* _ABOUT THIS TASK_: Below are some records. Retype exactly the lines from the one containing "the full ISO" through the one containing "Peep Toe Mid", both included, skipping every picture.

* _AVAILABLE DATA_:
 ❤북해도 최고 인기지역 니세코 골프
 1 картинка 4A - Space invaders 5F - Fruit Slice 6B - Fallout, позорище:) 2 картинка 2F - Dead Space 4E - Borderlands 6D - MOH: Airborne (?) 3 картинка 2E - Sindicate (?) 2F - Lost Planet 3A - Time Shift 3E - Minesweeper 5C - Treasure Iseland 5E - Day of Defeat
...
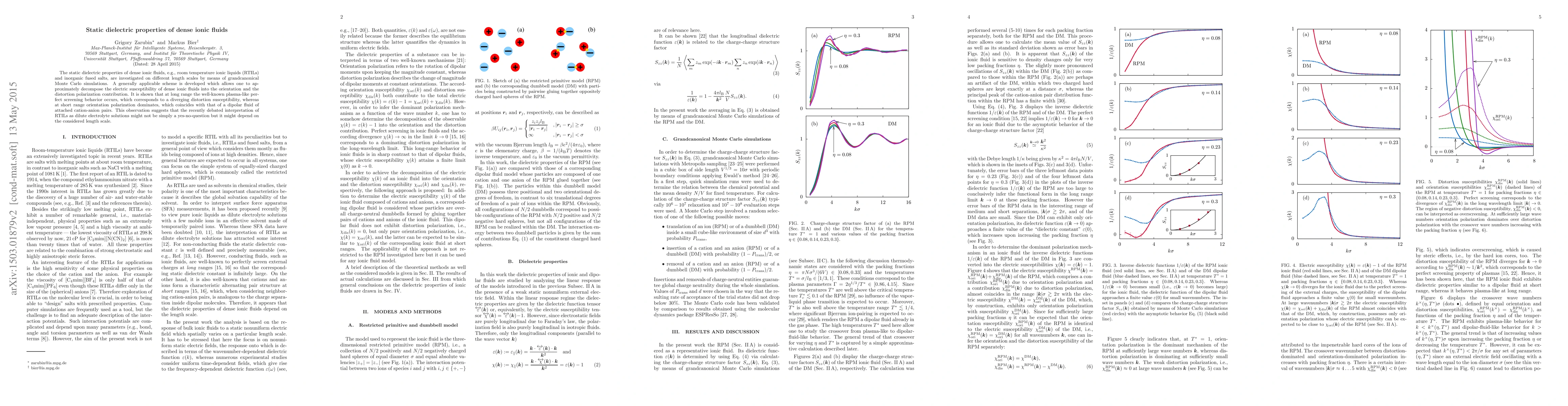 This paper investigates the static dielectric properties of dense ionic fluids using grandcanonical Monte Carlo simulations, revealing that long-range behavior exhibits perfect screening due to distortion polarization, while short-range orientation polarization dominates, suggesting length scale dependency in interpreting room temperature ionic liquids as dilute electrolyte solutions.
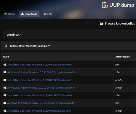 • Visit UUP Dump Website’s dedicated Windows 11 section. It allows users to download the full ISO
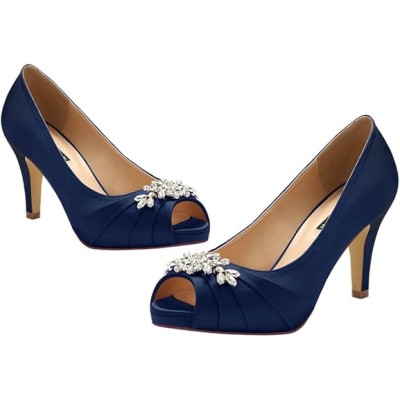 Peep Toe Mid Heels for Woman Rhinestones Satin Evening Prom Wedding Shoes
--
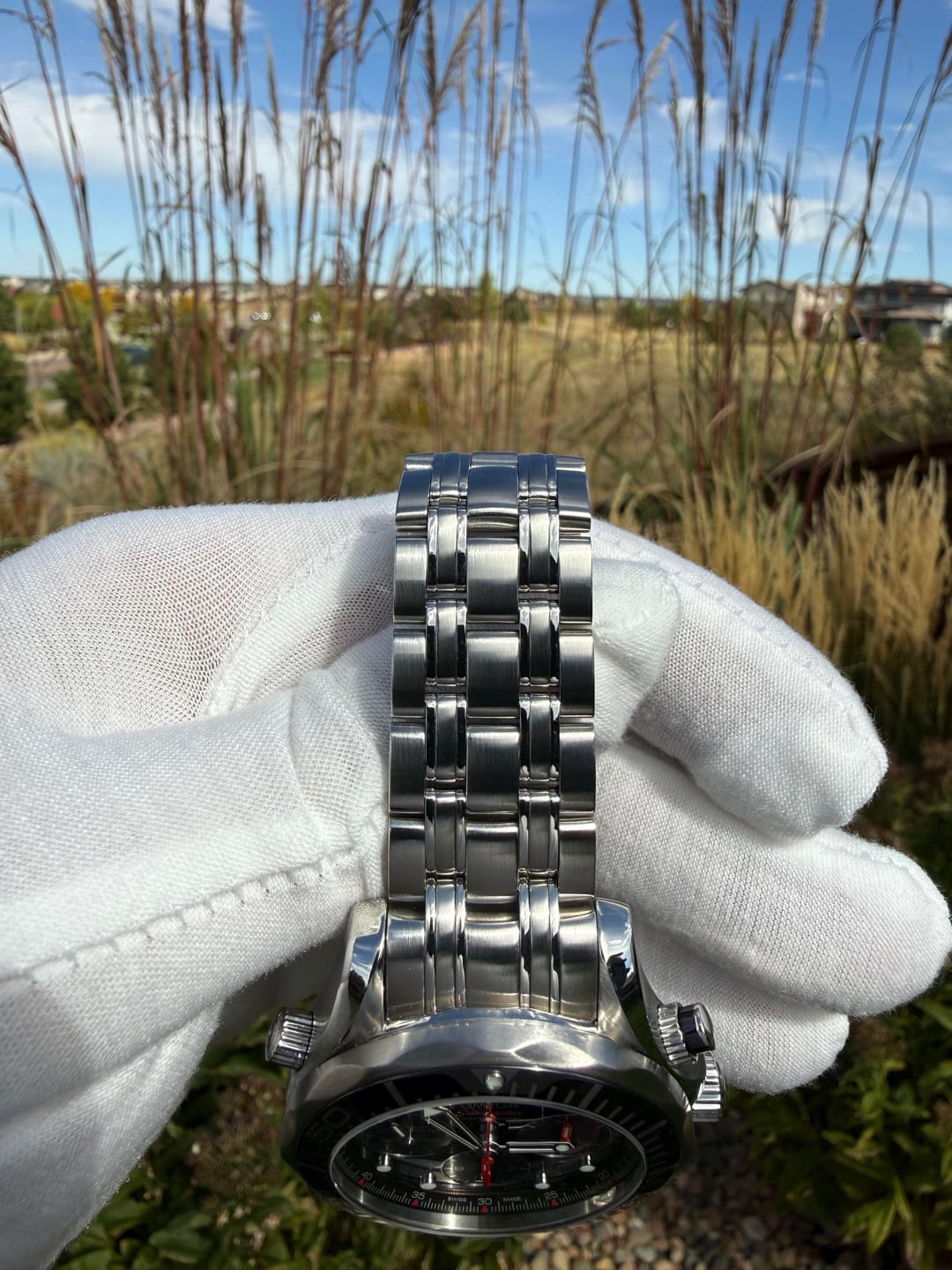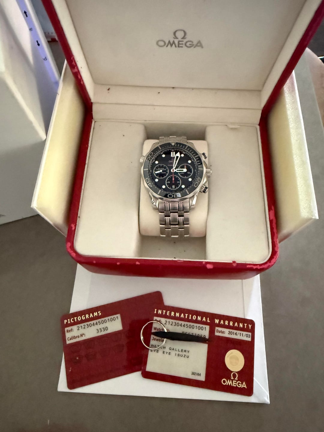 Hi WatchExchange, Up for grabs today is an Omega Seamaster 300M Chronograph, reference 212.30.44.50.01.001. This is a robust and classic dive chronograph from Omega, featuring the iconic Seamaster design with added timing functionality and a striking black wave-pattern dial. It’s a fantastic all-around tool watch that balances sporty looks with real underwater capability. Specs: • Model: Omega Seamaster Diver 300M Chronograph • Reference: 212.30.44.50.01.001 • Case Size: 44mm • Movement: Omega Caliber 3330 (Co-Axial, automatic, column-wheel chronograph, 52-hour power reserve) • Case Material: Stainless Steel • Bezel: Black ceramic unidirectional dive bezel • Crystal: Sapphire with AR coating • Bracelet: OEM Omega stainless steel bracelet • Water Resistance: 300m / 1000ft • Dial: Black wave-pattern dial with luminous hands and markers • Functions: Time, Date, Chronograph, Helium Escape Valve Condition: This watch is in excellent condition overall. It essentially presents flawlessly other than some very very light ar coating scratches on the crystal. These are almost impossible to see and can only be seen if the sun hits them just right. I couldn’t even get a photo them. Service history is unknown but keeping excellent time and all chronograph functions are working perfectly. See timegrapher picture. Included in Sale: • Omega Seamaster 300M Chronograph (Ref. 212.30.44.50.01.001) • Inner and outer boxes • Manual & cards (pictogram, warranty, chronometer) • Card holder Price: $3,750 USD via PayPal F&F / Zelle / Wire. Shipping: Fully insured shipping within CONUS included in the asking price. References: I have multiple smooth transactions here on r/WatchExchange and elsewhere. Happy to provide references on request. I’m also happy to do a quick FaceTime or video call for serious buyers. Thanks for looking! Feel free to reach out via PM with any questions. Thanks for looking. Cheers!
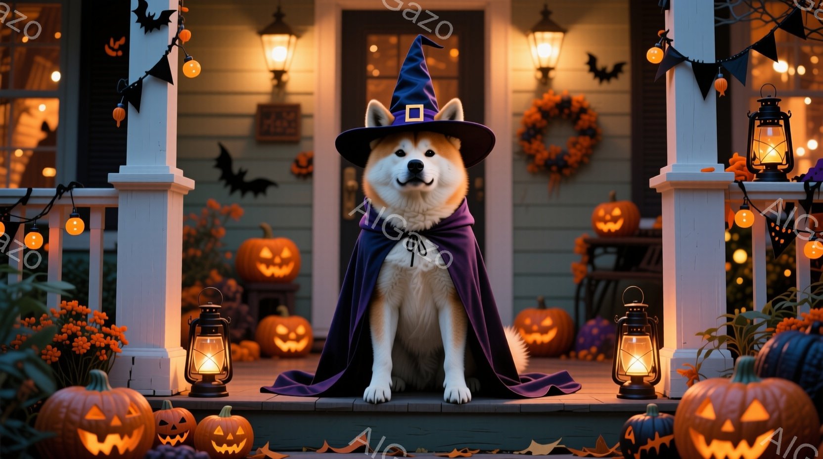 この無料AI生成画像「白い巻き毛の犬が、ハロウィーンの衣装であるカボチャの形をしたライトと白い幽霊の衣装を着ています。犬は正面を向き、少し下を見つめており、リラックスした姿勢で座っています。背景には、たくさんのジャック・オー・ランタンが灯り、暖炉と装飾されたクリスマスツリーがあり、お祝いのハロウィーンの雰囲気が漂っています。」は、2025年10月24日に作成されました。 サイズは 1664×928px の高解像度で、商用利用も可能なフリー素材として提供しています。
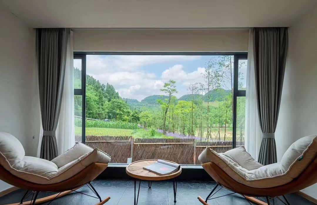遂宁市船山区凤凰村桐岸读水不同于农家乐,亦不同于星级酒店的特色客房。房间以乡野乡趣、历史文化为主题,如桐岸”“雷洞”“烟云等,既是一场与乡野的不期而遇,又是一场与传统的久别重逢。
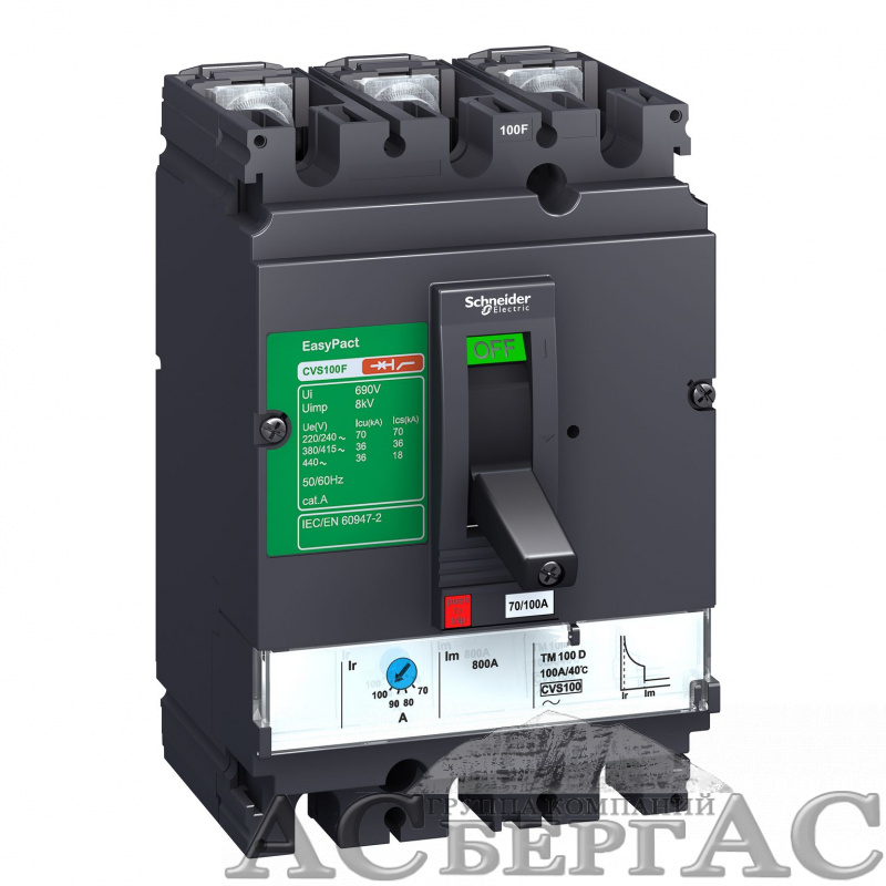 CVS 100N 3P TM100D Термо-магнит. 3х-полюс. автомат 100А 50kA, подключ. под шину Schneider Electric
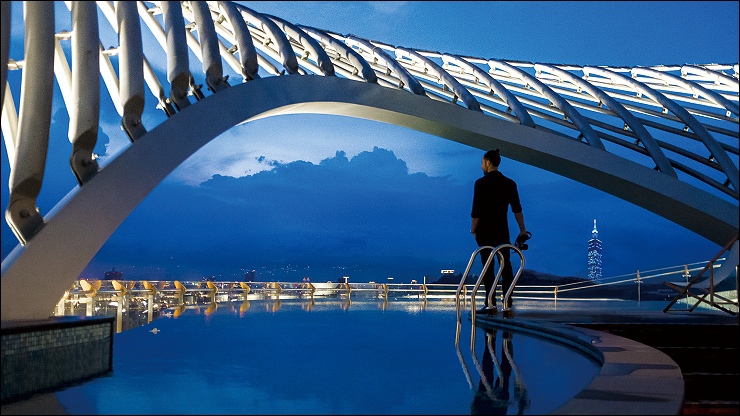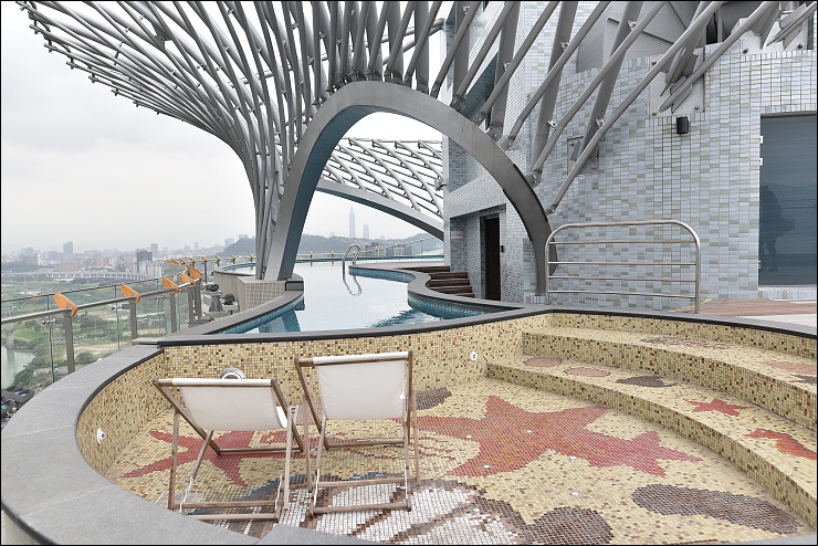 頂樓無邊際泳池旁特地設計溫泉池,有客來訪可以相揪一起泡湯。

* _EXERCISE RESULT_:
 • Visit UUP Dump Website’s dedicated Windows 11 section. It allows users to download the full ISO
 Peep Toe Mid Heels for Woman Rhinestones Satin Evening Prom Wedding Shoes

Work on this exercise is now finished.